The entries below contain pictures, which are to be left out; write out exactly, and only, the lines from the line with "Andrey Popov's An" up to and including the line with "Former parish church".

> **SOURCE MATERIAL**:
########################################
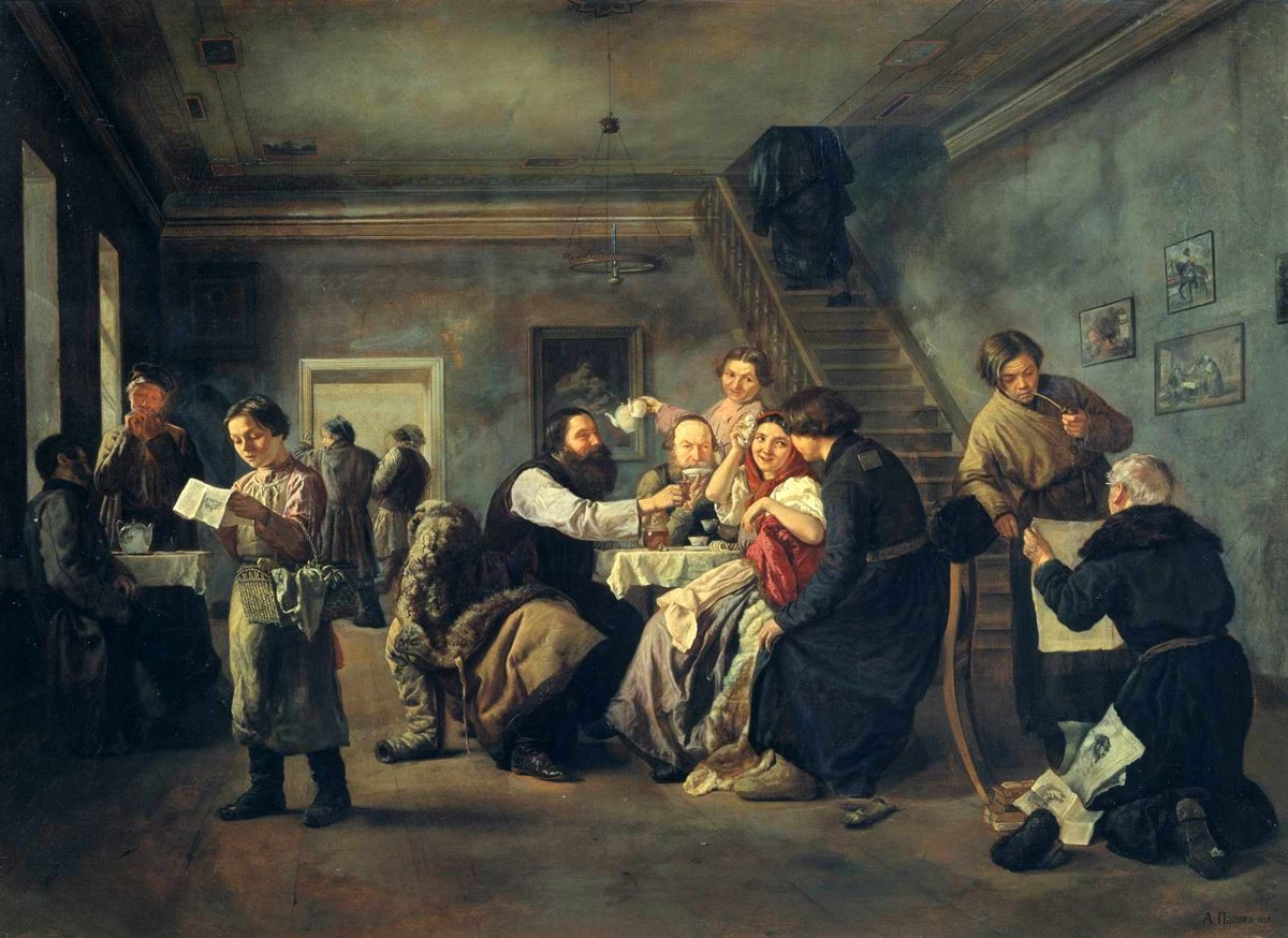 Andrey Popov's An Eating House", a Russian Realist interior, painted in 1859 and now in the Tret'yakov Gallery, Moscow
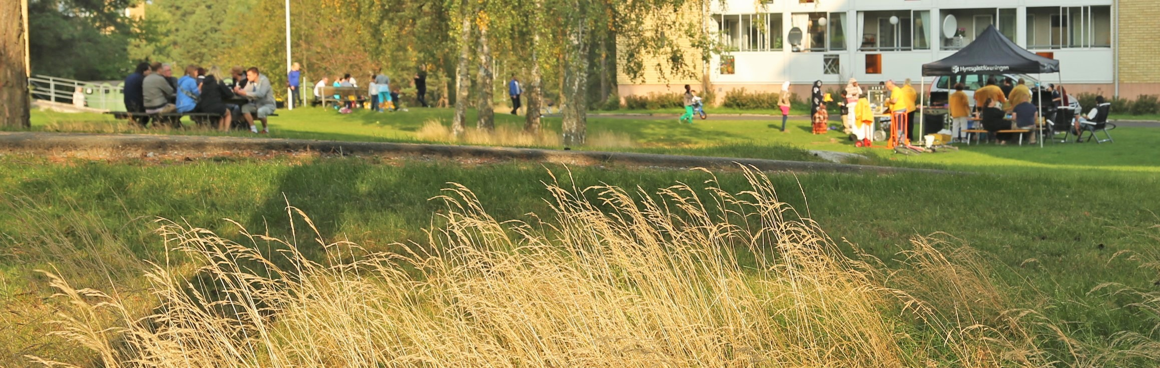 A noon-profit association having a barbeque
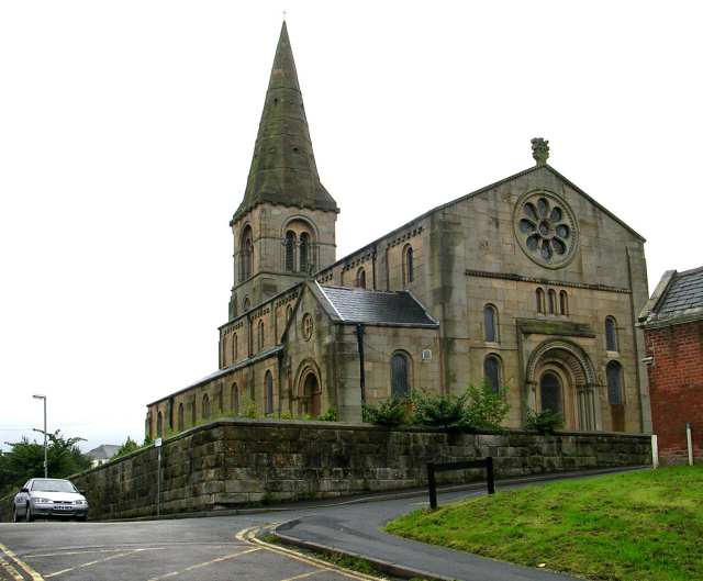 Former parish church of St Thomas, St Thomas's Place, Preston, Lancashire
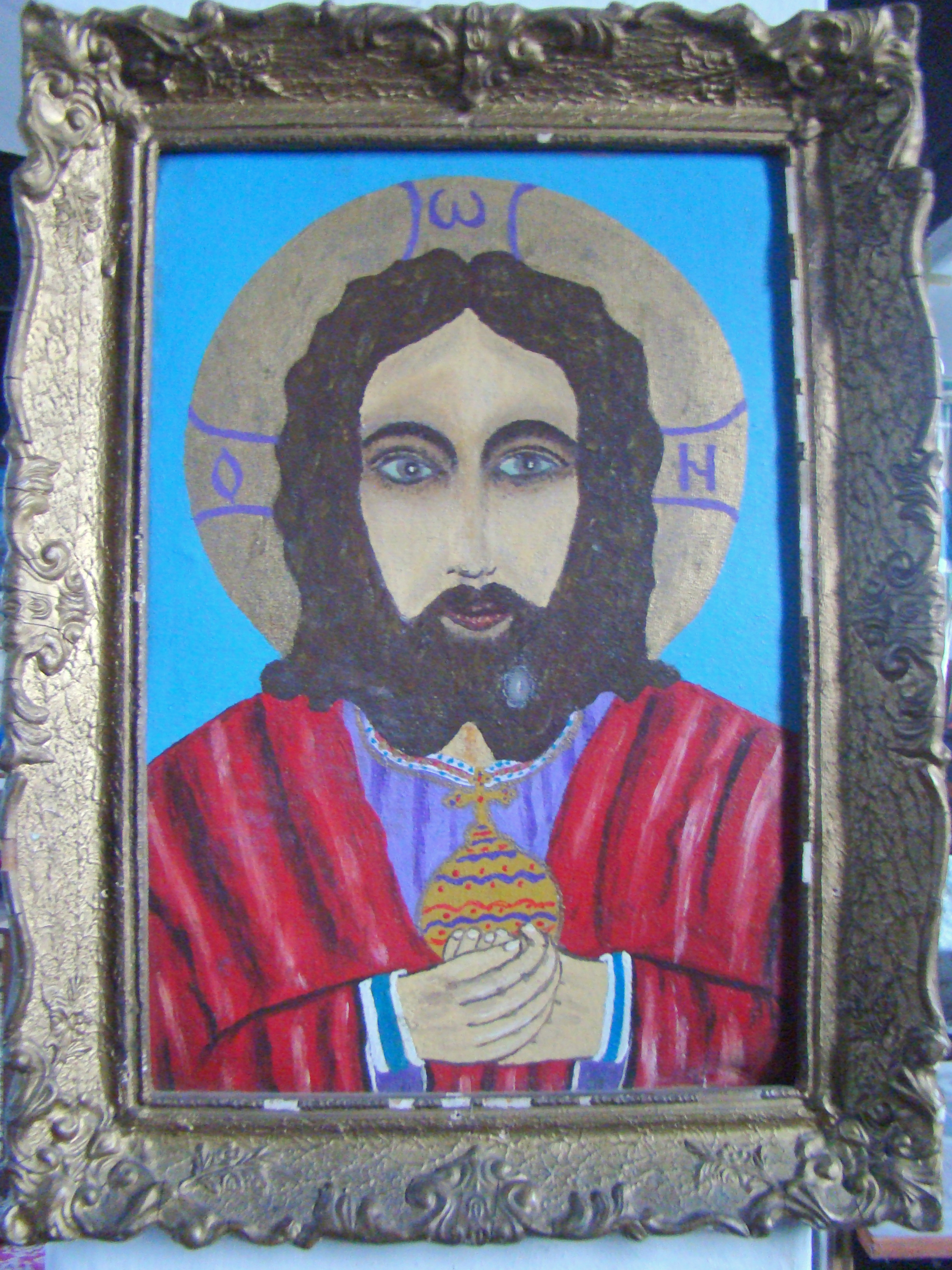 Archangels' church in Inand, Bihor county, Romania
########################################
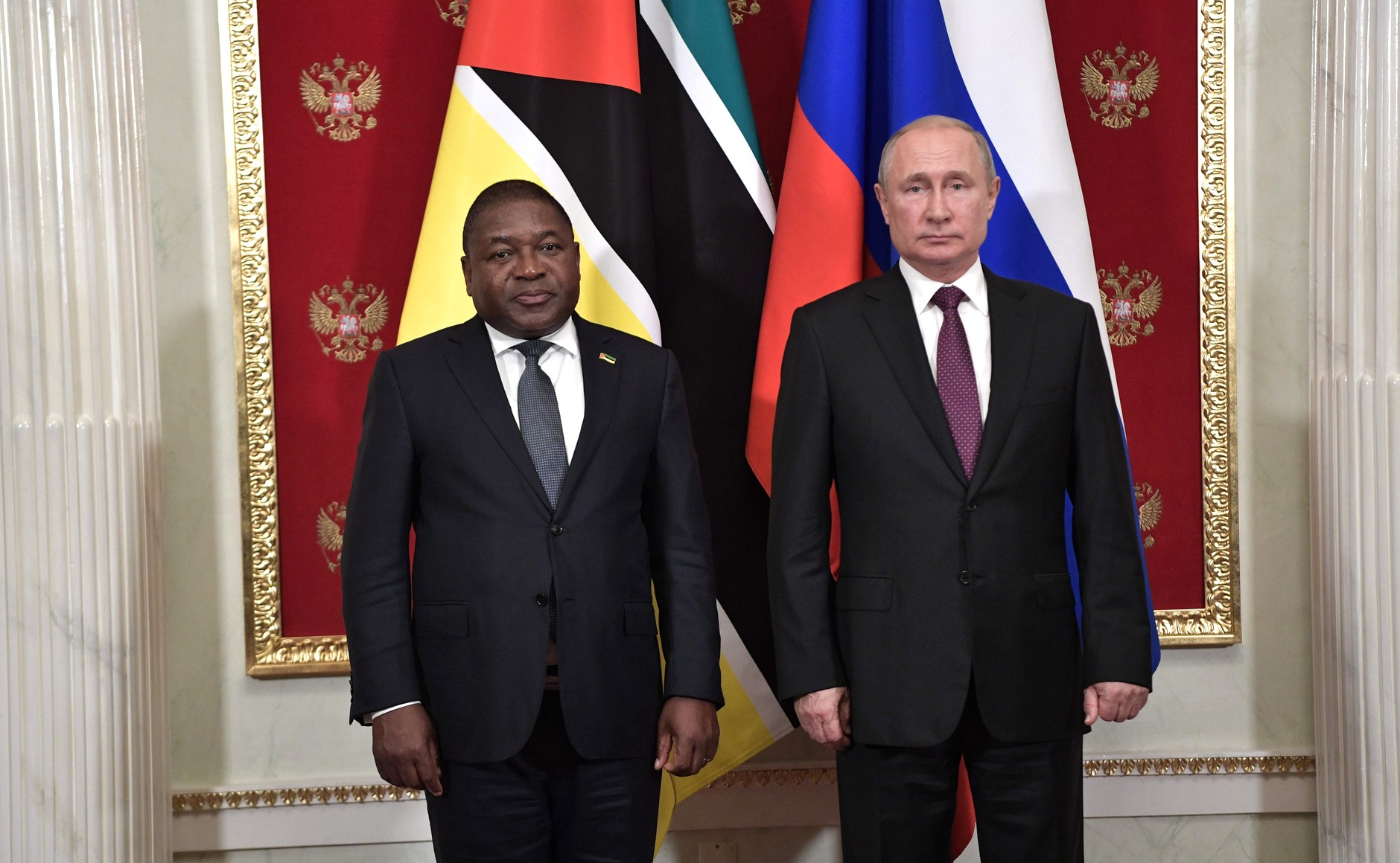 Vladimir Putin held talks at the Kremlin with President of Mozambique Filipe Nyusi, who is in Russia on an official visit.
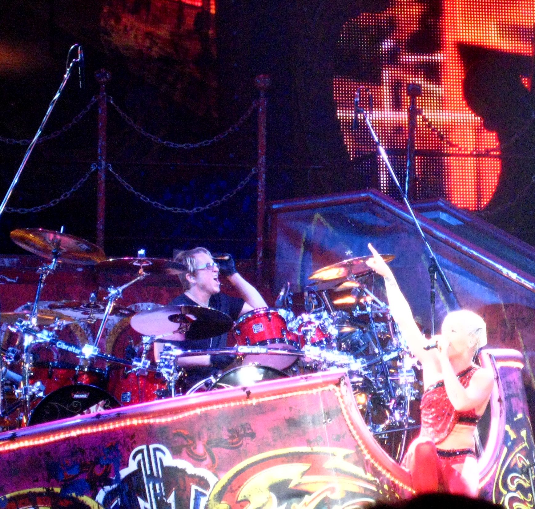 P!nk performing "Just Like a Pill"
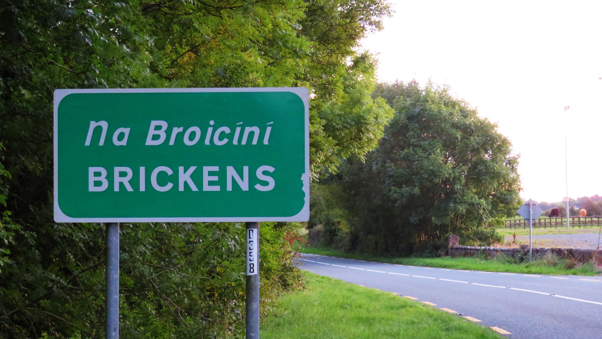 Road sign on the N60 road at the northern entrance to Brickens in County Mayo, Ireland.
########################################
> **EXERCISE ANSWER**:
 Andrey Popov's An Eating House", a Russian Realist interior, painted in 1859 and now in the Tret'yakov Gallery, Moscow
 A noon-profit association having a barbeque
 Former parish church of St Thomas, St Thomas's Place, Preston, Lancashire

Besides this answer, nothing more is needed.